#### [Task objective]
Set the listing down again exactly, please, apart from its pictures.

[[ Given information open ]]

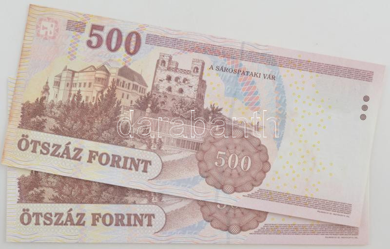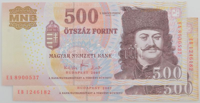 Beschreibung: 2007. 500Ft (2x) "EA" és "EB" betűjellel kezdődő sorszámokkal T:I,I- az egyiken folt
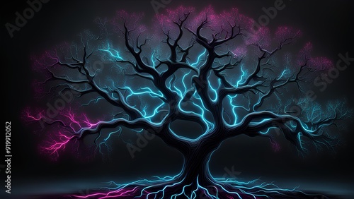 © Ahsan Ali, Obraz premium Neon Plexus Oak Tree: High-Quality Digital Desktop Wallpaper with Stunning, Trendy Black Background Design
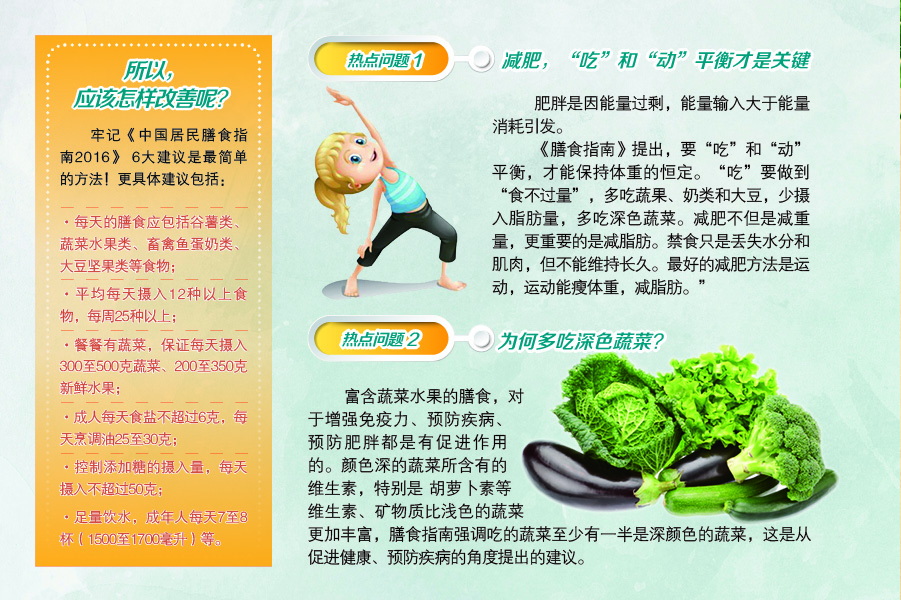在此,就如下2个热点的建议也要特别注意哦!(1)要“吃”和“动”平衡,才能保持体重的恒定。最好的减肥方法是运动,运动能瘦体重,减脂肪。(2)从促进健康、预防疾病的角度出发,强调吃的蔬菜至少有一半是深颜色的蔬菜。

[[ Given information closed ]]

#### [Solution below]
 Beschreibung: 2007. 500Ft (2x) "EA" és "EB" betűjellel kezdődő sorszámokkal T:I,I- az egyiken folt
 © Ahsan Ali, Obraz premium Neon Plexus Oak Tree: High-Quality Digital Desktop Wallpaper with Stunning, Trendy Black Background Design
在此,就如下2个热点的建议也要特别注意哦!(1)要“吃”和“动”平衡,才能保持体重的恒定。最好的减肥方法是运动,运动能瘦体重,减脂肪。(2)从促进健康、预防疾病的角度出发,强调吃的蔬菜至少有一半是深颜色的蔬菜。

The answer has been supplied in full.